There is NO ‘logical’ basis of morality, since morality is in and of itself illogical and ever-changing.  The natural world has no concept of morality to lend us, except for the obvious – the strong eat the weak.  The quick and the strong survive to reproduce, and the slow and the weak face extinction.  THAT is the morality of Nature, pure and simple.  The logic of that is clear.

Any and all attempts to add to that, or somehow mollify it by adding weak human whining (‘IT ISN”T FAIR!), have failed miserably.  

Human ‘morality,’ far from being some sort of given, absolute and objective construct, is something that can be easily shown to differ wildly from society to society, from era to era, and from culture to culture – always, and even now.

Logic is an if:then series of propositions.  Logic and morality are not contradictory statements unless one holds a principal of morality to be absolutely true, which no single one is.  Moral judgments are just that – judgments made at a certain time and place, and in a certain society at a certain time – they are not, nor have ever been objective ‘truths' that can be held up to ‘logical’ processes.  

In pure logic, morality is absurd.  In even a cursory review of history, morality is absurd.  In view of the various uses of ‘morality’ by modern society, from the most liberal to the most fundamentalist, morality is absurd.  It simply doesn’t exist as a single thing.  

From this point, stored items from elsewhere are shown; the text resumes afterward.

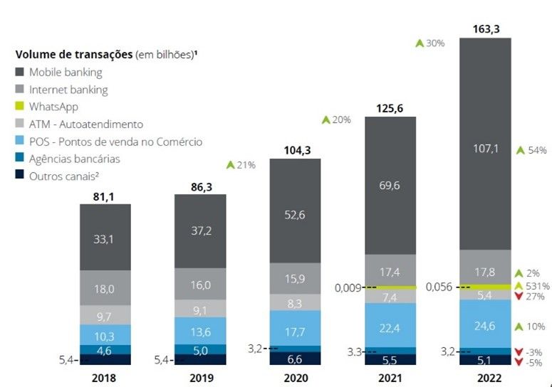 No total, os brasileiros fizeram, no ano passado, 163,3 bilhões de transações nos vários canais de atendimento disponibilizados pelos bancos, representando um significativo aumento de 30% ante 2021.
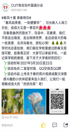 本次“春风十里,青春有你”活动的顺利举行,成功展示了校园春天的景色。在校大学生分享有关校园春景的图片,不仅有利于丰富同学们的校园生活,也使得同学们走出室外,亲近自然,在记录生活同时,提高审美与观察力,激发大学生发现美、欣赏美的意识。同时,此次活动提高了志愿者的服务能力,缓解了同学们的学业疲劳,促进了心情愉悦与身心健康,营造了良好的校园氛围,加深了对母校的真挚感情,留下关于母校的美好记忆。
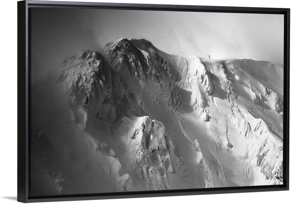 <p>Black and white image of the Tatras Mountains with an immense amount of snow, with a tiny figure visible at the top, Slovakia.</p>
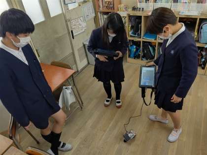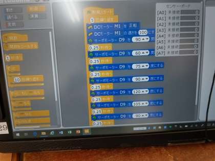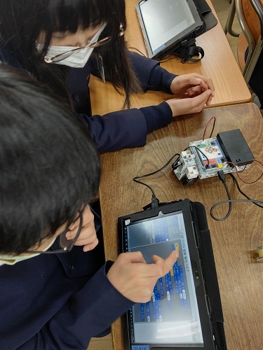 プログラミングの授業で、「ロボットカー」の学習をしています。スタディーノのフローチャート型のプログラミングソフトを用いて、「DCモーターやサーボモーターの制御」の学習をしました。
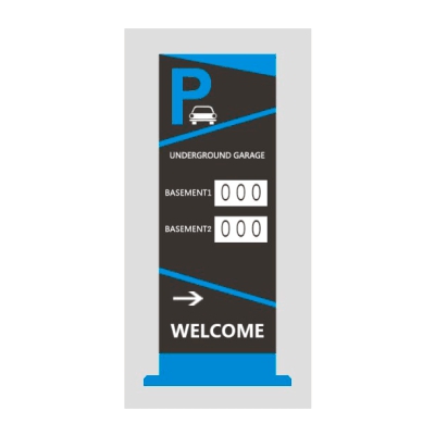 Экран навигации | Отображает приветственные сообщения и информацию об оставшемся месте на этаже всей парковки | Пиксельный состав модуля: 1R1G Двухцветный | Количество модулей: 2 | Интерфейс: Ethernet 1×RJ45 10M/100Mbps / 1×RS485 / 1×RS232 | Расстояние связи: 1200м (последоват. порт) / 120м (сетевой кабель) | Цвет: Черный/Синий | Питание: АC 110-220V | Размер: 150×700×2000мм / 320×160мм (модуль)
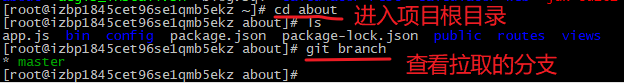 [root@izbp1845cet96se1qmb5ekz about]# git branch

If you doubt this, then try this on – the Birkenstock-wearing, Volvo-driving Vegan sitting next to you at the tavern will argue, passionately, that killing a deer is Immoral.  They are right.  So are you.  Logic?  Out the window.  This is passion, and emotion – not objective truth.  That, in short, is ‘Morality.’  It is entirely in the eye of the beholder.


----------



## bullethead (Feb 12, 2013)

I wish it didn't take me 11 pages to say it like that!!!
Yes, naysayers....I'm giving props when and where they are due.


----------



## TripleXBullies (Feb 13, 2013)

Asath said:


> “In classical logic, the law of non-contradiction (LNC) (or the law of contradiction (PM) or the principle of non-contradiction (PNC), or the principle of contradiction) is the second of the three classic laws of thought. It states that contradictory statements cannot both be true in the same sense at the same time, e.g. the two propositions "A is B" and "A is not B" are mutually exclusive.”
> 
> Indeed.  But Logic concerns a seeking of truth, while Morality is nothing of the sort.
> 
> ...



I think our morality helps to shape our logic. Logic isn't purely based on truth. It was somewhat logical to Einstein that splitting an atom releases tons of energy. It is not logical to me that splitting something so small creates so much. That just means I don't understand it the same way. I think that truth should be a big part of logical but not completely. I don't argue that splitting an atom doesn't create the energy that man has seen the devastation from, I believe it, it's just not a logical conclusion I would draw.


----------



## Four (Feb 13, 2013)

TripleXBullies said:


> I think our morality helps to shape our logic. Logic isn't purely based on truth. It was somewhat logical to Einstein that splitting an atom releases tons of energy. It is not logical to me that splitting something so small creates so much. That just means I don't understand it the same way. I think that truth should be a big part of logical but not completely. I don't argue that splitting an atom doesn't create the energy that man has seen the devastation from, I believe it, it's just not a logical conclusion I would draw.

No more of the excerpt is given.